Research proves that the great majority of business owners delude themselves about how much their business is worth.
80% of businesses <$50M put on the market fail to sell – Tom West, President Business Brokerage Press –
And the single biggest reason for this is over-valuation by the vendor.
If you are acquiring a business or about to do so, then this research has clear implications, as does the solution I am about to discuss.
Unless you address this vendor delusion you may have to walk away from the deal. When this happens you are in what Steven Covey would have referred to as a lose – lose situation. You lose the opportunity to acquire the business and potentially grow on the investment and the seller loses his prospective buyout – and remains oblivious to his over-valuation.

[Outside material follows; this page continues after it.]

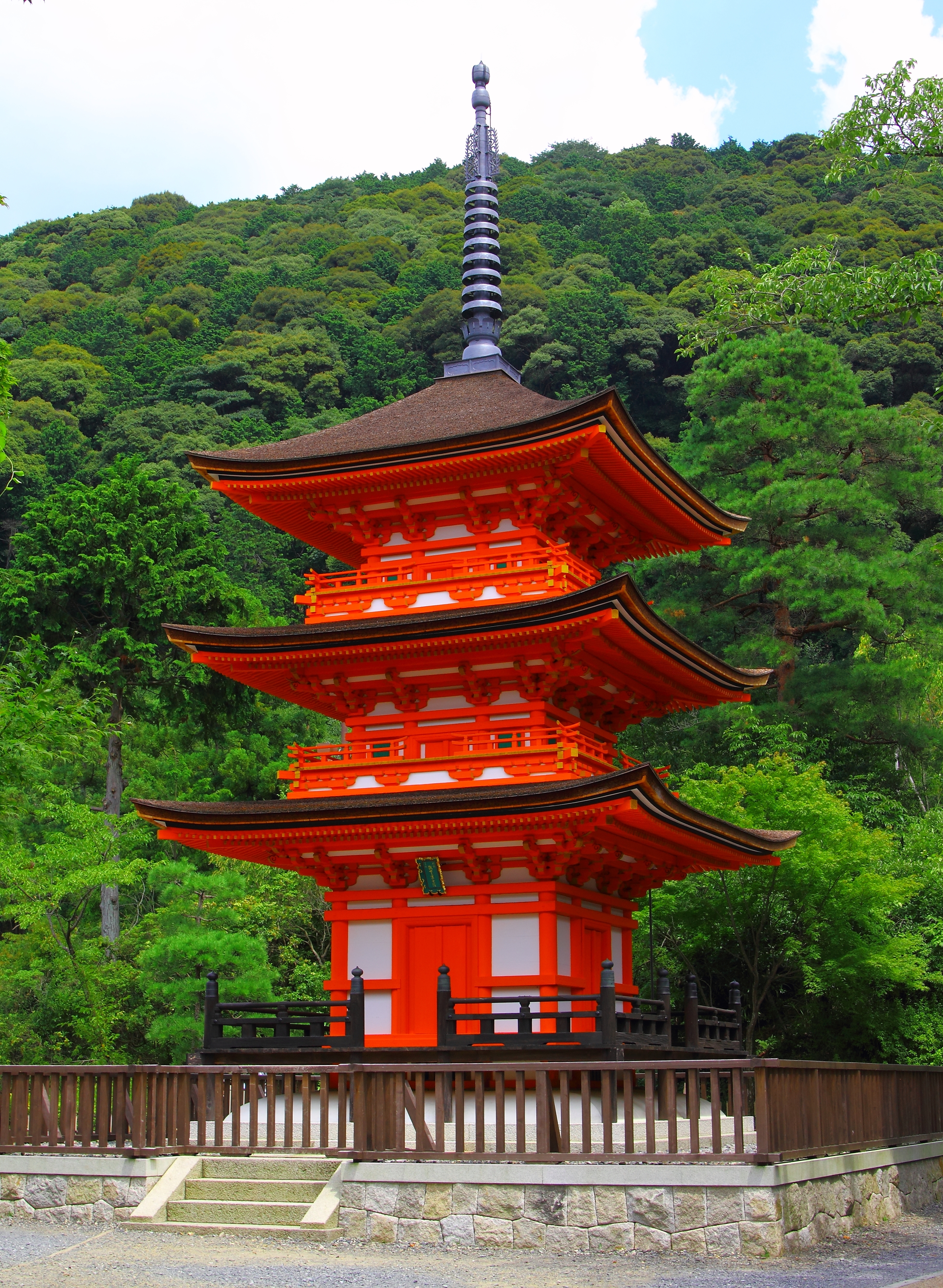 일본의 국보로, 1633년 도쿠가와 이에미쓰의 기부로 재건되었다. "기요미즈의 무대"로 불린다. 요세무네즈쿠리(寄棟造, 우진각 지붕) 양식, 히와다부키(檜皮葺, 노송나무 껍질 지붕)로 되어 있다. 산비탈에 돌출된 무대를 139개의 느티나무 기둥이 지탱하며, 못을 사용하지 않고 건축되었다.[21]

Or worse, if you pay more than what the business is worth then it is a case of win-lose. A win for him and a loss for you. Worse still if you have to explain to other shareholders you paid too much.
What is required to enable the transaction to proceed to a win-win, is the injection of a dose of reality.
Of course there is no one single panacea, however we believe Valuation Guardian gets you close to a win-win situation. Interestingly enough it was originally developed as an analytical tool for performance improvement, but has since proved its value for acquisitions.
In essence how it works is that it unpacks around 3 years of accounts into a financial model that calculates an indicative value of the business based on hard facts. Both seller and buyer can then use this as a basis to form a negotiated agreement. Even the most deluded seller cannot deny the science behind the calculations.
We had a client recently who thought his business was worth $11m but when he got to the table he was told it was really only worth a little over $7.5m. Initially the deal was off. He went into denial telling us we had wasted his time and refused to discuss it further. After a cooling down period he returned to the table. With the benefit of external advice, he realised that he had been operating under a delusion for many years because a mate in the same industry had told him that the sale value of his business was a multiple of his revenues.
The end price was above $8m but not $11m. Once he accepted the valuation and could see how it was derived he crossed the line. Was a win-win for both parties and the deal was eventually sealed.
So the moral of the story is that acquiring a business starts with getting clarity around what the business is really worth, for both parties. A reality based on objective data.